What you are asked to do: Please, without any pictures, transcribe the lines from the one holding "कॉलेज परिसर स्वच्छता" to the end of the listing, both ends included.

Data to examine:
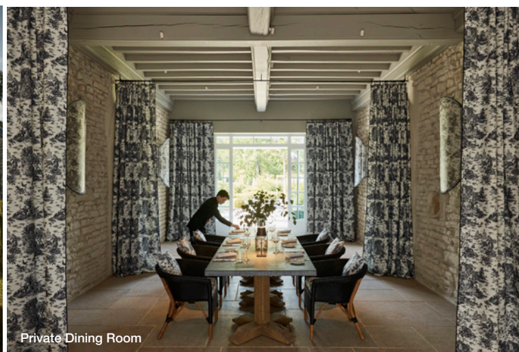
Private Dining Room
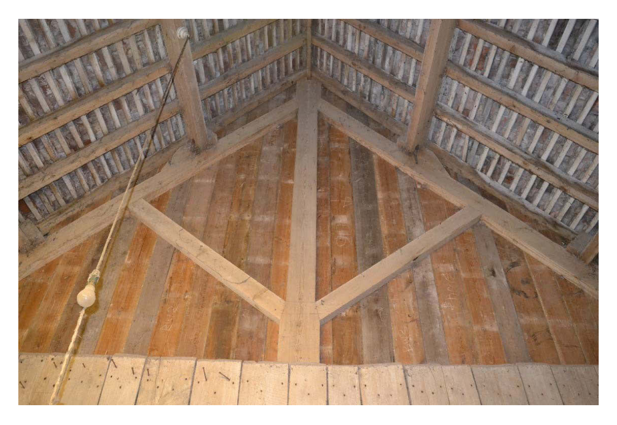
Plate 15: G1, roof truss from the west
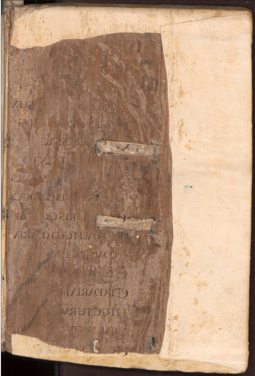
Figure 1: Montpellier, Bibliothèque Universitaire Historique de Médecine, Université de Montpellier, codex H 226, lower board.
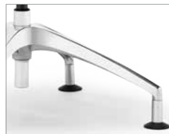
Chromium-plate metal shaft glides
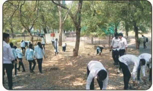
कॉलेज परिसर स्वच्छता करताना राष्ट्रीय सेवा योजनेचे स्वयंसेवक
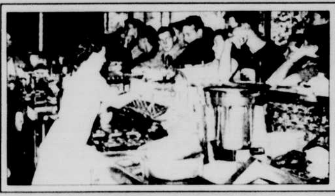
FROM THE PAST: The EMU had dances and activities for students (above) on Friday afternoons during the 1950s and 1960s in the Fishbowl. Long before the TacoTime Express, the EMU catered students with a full soda and ice cream bar (left).
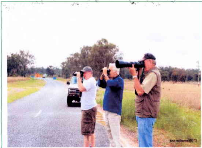
The Three Amigos spy again.
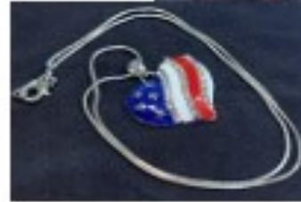
Item #3 Heart Earrings & Necklace Bundle
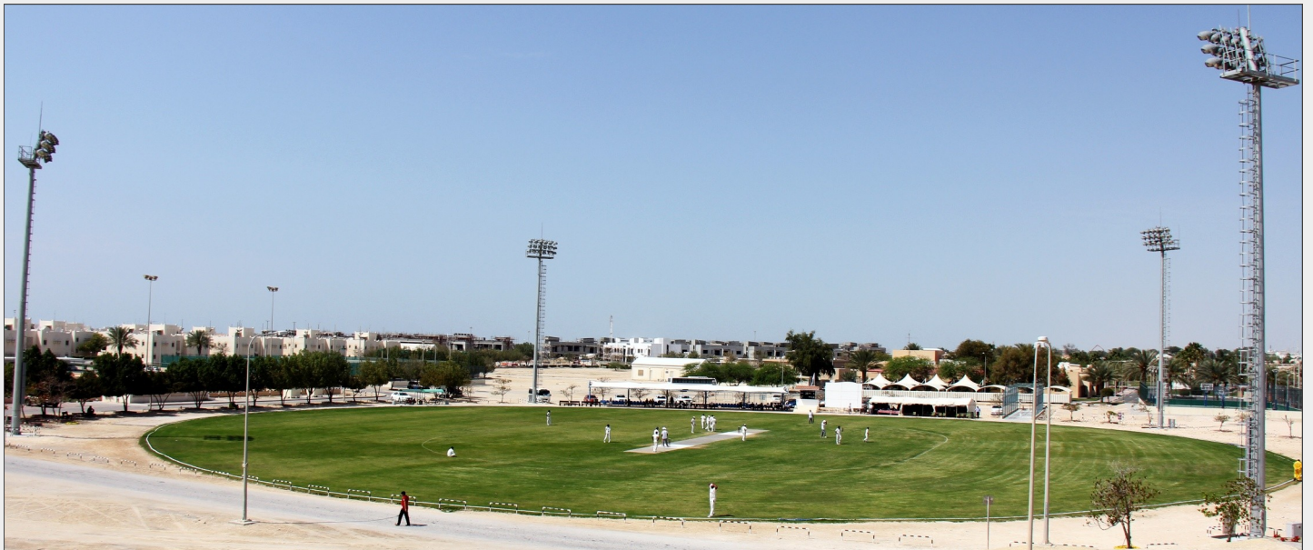
Dukhan Cricket in 2014.

Answer to this task:
कॉलेज परिसर स्वच्छता करताना राष्ट्रीय सेवा योजनेचे स्वयंसेवक
FROM THE PAST: The EMU had dances and activities for students (above) on Friday afternoons during the 1950s and 1960s in the Fishbowl. Long before the TacoTime Express, the EMU catered students with a full soda and ice cream bar (left).
The Three Amigos spy again.
Item #3 Heart Earrings & Necklace Bundle
Dukhan Cricket in 2014.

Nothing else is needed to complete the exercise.